**DESCRIPTION OF THE TASK**: All that should come back is the lines of the data below from the one containing "in the forest" to the one containing "И ты будто никогда", inclusive, exactly as they stand.

**Stored records**:

■ ■ ■

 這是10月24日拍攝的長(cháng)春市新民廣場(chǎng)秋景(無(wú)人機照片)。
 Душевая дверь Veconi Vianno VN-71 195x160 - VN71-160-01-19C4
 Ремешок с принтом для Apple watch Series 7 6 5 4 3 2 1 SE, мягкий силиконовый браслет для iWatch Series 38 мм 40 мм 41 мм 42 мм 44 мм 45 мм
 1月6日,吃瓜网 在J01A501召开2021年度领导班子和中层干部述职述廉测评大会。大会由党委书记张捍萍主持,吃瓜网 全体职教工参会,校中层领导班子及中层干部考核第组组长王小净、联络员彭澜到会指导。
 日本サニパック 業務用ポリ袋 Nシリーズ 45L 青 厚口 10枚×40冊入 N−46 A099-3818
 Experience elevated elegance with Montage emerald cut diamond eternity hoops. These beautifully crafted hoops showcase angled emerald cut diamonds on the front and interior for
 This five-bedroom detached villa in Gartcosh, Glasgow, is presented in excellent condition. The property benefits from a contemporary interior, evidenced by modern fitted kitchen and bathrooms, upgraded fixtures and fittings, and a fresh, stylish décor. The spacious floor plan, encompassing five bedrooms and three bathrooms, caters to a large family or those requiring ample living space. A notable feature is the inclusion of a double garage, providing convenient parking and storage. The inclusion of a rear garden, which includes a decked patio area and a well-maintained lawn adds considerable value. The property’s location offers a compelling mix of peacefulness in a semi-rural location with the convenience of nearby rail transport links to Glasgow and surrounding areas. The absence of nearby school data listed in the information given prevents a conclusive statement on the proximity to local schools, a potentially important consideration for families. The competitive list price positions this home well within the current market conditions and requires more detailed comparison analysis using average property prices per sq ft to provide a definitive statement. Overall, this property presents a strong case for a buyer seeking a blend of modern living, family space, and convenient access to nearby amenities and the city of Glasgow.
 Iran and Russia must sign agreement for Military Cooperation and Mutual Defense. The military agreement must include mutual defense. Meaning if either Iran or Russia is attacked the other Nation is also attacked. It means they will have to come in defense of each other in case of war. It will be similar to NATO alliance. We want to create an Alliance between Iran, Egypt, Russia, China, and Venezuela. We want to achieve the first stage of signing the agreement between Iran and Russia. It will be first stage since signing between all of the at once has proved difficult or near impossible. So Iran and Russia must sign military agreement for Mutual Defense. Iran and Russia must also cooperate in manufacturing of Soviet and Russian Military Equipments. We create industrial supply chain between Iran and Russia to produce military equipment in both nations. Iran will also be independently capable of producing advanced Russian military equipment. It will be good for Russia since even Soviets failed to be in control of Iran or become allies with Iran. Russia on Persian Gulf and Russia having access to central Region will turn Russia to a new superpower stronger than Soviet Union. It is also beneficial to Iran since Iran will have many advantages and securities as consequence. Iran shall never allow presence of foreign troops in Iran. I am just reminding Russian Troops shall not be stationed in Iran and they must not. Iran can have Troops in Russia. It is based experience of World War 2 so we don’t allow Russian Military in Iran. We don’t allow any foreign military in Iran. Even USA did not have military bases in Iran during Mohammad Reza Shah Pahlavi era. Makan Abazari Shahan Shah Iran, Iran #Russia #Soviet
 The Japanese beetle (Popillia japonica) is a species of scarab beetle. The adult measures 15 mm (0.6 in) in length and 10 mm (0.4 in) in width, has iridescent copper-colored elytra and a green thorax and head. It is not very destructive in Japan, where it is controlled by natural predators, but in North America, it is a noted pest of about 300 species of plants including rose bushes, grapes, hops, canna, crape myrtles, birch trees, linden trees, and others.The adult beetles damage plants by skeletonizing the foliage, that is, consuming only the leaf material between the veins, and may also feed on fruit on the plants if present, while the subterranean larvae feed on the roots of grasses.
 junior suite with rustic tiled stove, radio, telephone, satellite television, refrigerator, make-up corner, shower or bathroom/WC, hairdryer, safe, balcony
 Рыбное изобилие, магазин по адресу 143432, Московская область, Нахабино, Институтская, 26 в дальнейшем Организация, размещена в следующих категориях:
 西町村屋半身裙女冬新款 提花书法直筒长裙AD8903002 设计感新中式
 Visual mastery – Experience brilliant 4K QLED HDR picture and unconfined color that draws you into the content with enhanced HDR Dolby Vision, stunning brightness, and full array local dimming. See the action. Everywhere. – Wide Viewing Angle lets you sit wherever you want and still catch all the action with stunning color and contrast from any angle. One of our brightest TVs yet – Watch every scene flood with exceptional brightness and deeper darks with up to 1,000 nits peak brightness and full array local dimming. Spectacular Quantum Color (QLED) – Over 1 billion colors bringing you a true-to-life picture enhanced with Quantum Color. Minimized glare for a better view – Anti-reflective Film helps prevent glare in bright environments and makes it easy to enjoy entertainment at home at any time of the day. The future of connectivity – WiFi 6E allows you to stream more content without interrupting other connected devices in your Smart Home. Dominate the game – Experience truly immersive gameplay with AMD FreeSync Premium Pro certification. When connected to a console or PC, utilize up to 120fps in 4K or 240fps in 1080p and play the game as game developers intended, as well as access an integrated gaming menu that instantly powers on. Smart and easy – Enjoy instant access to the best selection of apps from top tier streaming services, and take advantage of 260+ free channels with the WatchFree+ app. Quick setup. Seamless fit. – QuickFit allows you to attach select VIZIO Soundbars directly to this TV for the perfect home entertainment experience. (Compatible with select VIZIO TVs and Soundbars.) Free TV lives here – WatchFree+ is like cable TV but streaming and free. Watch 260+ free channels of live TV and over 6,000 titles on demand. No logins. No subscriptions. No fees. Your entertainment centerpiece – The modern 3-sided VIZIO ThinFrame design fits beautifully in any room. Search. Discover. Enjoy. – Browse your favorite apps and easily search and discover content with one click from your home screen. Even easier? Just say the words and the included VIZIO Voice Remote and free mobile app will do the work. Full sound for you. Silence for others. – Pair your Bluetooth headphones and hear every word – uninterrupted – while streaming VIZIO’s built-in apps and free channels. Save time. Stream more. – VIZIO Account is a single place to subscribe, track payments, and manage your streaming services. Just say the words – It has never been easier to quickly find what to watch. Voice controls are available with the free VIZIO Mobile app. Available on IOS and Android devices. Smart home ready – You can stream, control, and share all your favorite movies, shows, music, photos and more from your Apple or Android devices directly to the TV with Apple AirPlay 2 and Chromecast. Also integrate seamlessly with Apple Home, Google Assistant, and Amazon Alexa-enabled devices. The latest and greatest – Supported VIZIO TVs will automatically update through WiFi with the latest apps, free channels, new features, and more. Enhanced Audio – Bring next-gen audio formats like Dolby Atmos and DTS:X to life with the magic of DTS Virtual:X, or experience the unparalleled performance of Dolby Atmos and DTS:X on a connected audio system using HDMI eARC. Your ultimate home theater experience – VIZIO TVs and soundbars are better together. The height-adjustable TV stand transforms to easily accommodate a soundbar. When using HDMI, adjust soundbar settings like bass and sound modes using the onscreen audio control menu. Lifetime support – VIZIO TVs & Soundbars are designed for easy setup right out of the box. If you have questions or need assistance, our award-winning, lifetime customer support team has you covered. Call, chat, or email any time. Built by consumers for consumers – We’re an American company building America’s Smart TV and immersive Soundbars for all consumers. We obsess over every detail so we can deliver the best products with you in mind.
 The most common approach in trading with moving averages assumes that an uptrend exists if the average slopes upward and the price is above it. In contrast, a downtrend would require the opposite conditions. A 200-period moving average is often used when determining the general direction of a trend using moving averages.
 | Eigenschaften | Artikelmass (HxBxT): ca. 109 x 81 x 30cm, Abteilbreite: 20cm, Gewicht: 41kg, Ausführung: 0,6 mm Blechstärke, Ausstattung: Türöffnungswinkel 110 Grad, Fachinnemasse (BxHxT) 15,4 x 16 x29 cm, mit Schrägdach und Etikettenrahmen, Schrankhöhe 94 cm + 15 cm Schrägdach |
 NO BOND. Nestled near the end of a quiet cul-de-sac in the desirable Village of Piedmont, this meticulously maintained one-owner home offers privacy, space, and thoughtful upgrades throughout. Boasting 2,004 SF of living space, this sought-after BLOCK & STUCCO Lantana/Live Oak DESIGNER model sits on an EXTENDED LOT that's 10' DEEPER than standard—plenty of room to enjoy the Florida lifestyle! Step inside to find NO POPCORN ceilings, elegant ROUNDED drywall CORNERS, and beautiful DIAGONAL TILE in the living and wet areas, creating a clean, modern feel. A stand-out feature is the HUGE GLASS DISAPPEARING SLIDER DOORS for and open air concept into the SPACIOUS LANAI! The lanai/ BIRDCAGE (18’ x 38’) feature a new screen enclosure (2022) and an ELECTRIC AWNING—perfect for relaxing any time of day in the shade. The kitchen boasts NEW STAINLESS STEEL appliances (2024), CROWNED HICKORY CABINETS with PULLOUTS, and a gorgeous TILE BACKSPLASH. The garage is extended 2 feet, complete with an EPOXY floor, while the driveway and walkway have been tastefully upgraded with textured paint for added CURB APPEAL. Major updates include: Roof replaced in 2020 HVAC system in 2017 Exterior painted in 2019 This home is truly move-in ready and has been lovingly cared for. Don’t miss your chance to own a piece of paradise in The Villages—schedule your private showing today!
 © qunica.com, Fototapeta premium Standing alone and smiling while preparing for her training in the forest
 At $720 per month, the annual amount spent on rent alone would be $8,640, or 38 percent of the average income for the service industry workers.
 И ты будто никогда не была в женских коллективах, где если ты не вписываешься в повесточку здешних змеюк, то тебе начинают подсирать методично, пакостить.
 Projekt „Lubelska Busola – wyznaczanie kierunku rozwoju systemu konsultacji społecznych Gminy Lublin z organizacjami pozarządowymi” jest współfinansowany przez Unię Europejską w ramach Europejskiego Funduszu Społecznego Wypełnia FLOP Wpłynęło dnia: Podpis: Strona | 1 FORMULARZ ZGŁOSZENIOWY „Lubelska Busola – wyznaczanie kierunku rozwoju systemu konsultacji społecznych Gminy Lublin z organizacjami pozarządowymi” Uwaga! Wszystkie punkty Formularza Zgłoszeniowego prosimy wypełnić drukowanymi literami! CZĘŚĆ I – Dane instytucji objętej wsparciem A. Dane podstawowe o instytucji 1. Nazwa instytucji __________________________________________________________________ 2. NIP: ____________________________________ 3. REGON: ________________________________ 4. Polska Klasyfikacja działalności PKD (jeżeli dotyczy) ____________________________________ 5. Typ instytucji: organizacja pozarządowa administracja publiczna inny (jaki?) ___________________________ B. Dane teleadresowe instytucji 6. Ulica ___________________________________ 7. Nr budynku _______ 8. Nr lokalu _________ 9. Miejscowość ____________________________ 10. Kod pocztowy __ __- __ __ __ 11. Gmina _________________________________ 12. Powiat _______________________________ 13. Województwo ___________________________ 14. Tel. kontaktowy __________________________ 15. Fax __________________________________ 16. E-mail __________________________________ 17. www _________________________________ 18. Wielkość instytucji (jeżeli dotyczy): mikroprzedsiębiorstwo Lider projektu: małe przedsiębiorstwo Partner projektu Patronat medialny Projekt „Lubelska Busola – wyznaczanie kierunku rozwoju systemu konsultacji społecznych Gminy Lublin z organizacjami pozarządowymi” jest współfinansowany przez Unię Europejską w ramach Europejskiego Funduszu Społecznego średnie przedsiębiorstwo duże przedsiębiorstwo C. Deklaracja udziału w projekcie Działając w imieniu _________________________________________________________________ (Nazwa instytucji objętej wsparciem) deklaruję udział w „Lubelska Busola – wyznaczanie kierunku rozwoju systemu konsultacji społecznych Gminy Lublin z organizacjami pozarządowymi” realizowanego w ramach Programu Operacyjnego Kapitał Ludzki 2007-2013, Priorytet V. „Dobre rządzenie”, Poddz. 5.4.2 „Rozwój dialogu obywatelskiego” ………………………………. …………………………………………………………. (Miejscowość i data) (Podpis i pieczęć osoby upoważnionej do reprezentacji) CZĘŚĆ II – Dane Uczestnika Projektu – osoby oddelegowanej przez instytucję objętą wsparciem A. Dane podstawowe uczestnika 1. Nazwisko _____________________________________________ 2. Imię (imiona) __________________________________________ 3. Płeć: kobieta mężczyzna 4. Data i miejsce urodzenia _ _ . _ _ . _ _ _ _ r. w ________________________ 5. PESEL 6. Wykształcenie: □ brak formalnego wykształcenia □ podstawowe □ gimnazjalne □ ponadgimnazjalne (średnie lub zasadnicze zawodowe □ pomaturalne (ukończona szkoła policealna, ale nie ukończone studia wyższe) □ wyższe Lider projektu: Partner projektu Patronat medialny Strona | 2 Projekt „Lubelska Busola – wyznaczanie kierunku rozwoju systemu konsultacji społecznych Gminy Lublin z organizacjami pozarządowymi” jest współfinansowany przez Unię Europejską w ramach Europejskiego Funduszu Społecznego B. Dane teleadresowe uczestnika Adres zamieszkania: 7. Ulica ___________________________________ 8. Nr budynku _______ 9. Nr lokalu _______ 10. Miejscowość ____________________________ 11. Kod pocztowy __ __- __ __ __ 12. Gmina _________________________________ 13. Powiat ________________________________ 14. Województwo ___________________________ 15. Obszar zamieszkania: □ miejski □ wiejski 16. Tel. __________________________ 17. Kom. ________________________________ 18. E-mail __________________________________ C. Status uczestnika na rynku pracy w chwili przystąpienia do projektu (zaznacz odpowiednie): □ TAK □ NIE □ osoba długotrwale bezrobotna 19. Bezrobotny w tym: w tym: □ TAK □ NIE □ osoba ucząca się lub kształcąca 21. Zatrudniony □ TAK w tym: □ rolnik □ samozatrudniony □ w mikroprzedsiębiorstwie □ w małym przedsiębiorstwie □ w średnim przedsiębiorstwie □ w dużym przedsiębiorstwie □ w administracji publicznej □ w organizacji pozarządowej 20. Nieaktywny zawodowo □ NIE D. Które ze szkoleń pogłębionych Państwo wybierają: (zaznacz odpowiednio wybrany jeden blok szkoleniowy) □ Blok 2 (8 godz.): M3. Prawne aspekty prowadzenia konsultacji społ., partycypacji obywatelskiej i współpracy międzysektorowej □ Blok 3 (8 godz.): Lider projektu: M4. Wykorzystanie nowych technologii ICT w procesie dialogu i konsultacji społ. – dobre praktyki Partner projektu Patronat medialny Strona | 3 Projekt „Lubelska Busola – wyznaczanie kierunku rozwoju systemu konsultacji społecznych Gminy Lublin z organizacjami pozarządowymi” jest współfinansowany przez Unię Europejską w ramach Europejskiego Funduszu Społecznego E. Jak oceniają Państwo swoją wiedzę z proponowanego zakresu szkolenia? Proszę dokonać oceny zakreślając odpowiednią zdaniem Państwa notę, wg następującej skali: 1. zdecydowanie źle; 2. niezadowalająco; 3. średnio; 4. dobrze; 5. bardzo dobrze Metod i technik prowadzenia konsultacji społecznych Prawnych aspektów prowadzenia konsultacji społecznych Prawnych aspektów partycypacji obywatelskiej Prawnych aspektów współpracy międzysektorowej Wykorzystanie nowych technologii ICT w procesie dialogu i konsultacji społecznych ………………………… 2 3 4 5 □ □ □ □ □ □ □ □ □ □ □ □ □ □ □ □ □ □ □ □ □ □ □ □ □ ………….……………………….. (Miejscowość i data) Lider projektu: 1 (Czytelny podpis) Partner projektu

■ ■ ■

**SOLUTION FOR THIS PROBLEM**:
 © qunica.com, Fototapeta premium Standing alone and smiling while preparing for her training in the forest
 At $720 per month, the annual amount spent on rent alone would be $8,640, or 38 percent of the average income for the service industry workers.
 И ты будто никогда не была в женских коллективах, где если ты не вписываешься в повесточку здешних змеюк, то тебе начинают подсирать методично, пакостить.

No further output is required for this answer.